El sobrino tomó posesión de la habitación

Marina Esteban permanecía junto a la ventana de la cocina, observando cómo un Seat destartalado entraba en el patio. Del coche salió un chico alto con una camiseta arrugada y vaqueros, que sacó dos mochilas grandes y una bolsa de deporte del maletero.

—Ahí está, ya ha llegado —murmuró para sí, secándose las manos en el delantal antes de ir a recibir a su sobrino.

El chico había crecido. La última vez que lo vio tenía catorce años, un adolescente desgarbado con las orejas salidas. Ahora, frente a la puerta, se erguía un hombre hecho y derecho, aunque algo desconcertado.

—¿Tía Marina? —preguntó con vacilación cuando ella abrió.

—¡Claro que soy yo! Pasa, pasa, David. ¡Dios mío, cómo has crecido! —Lo abrazó, oliendo a viaje y a colonia barata—. Adelante, acomódate. ¿Vendrás cansado?

—No, tranquilo. Gracias por dejarme quedarme. Será cosa de unos días, hasta que encuentre trabajo y un piso.

David se balanceaba sobre sus pies, mirando alrededor del recibidor. Marina asintió, aunque una duda se le clavaba en el pecho. Su hermana, la madre del chico, siempre prometía montañas y luego desaparecía meses.

—Por aquí —indicó hacia lo que hasta ayer había sido su despacho. La mesa, las estanterías, su sillón favorito junto a la ventana… Todo lo había trasladado al dormitorio para hacer sitio.
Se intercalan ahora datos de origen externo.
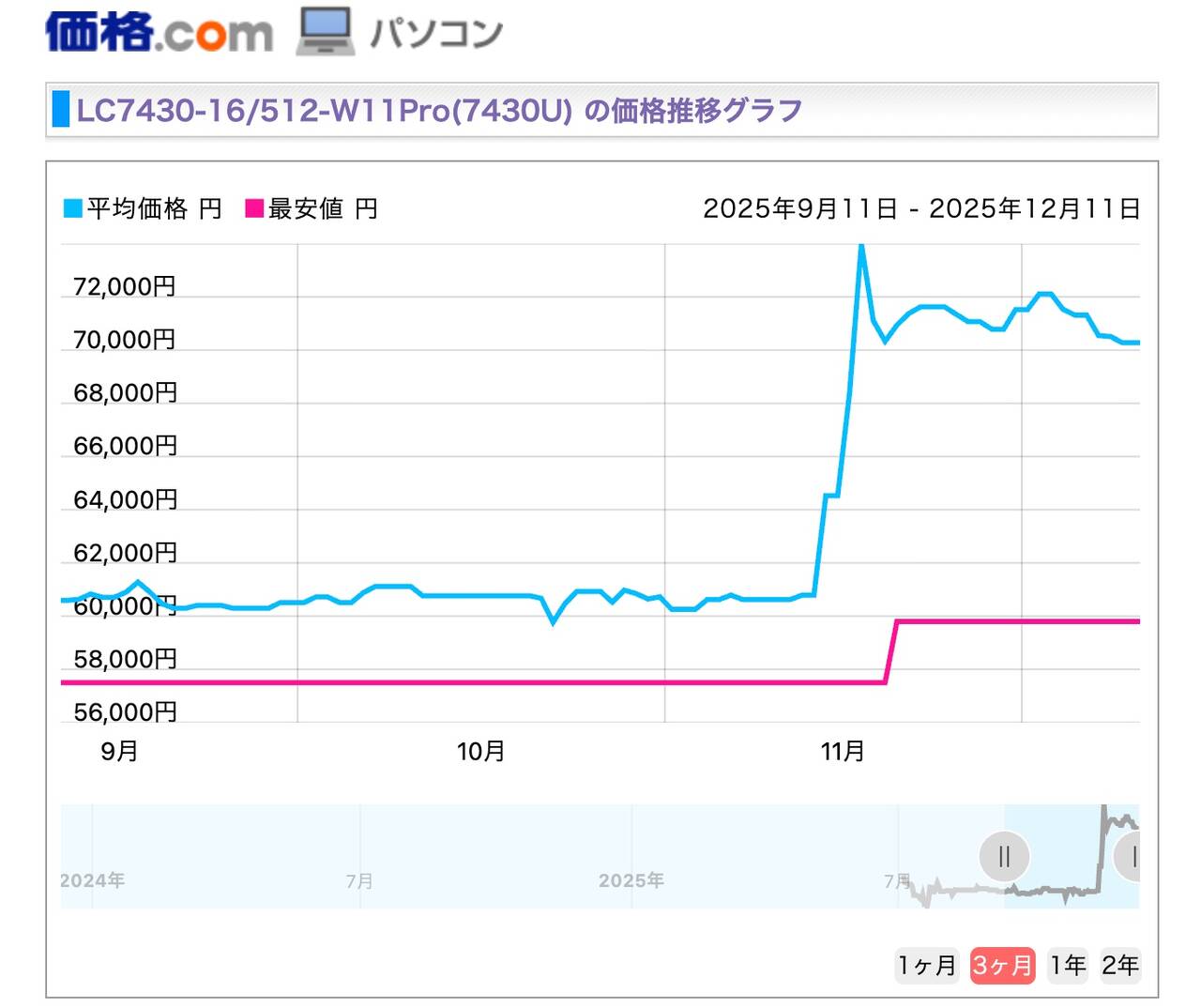 ▼これは価格.comで価格推移が確認できたRyzen 5 7430U搭載ミニPC製品のグラフなんですが、11月頃からドッカンと価格が上がってるのが分かるはず。悲しいですねぇ。↓

David se detuvo en el umbral.

—Oye, ¿no sería mejor que durmiera en el sofá del salón? No quiero molestarte.

—¡Tonterías! Un joven necesita su espacio —respondió ella, aunque algo se le encogió por dentro. Veinte años organizando esa habitación, cada objeto en su lugar, cada cosa con su historia.

David dejó las mochilas en el suelo, examinando el cuarto.

—¿Y dónde vas a trabajar ahora? Aquí había un escritorio.

—Lo he movido al dormitorio. No pasa nada —dijo con falsa alegría, pero su voz tembló levemente.

El sobrino no pareció notarlo, ya desabrochando una de las mochilas.

—¿Puedo deshacer un poco el equipaje? Todo está arrugado.

—Claro, claro. Voy a preparar la cena. ¿Qué te gusta?

—Como de todo, no soy delicado —sonrió, y en esa sonrisa Marina reconoció a su difunto hermano—. Solo, tía, no cocines mucho. Estoy agotado y mañana empezaré a buscar curro.

Asintió y se dirigió a la cocina, mientras detrás sonaban ruidos de cosas moviéndose. David claramente no pensaba conformarse con la distribución que ella le había dejado.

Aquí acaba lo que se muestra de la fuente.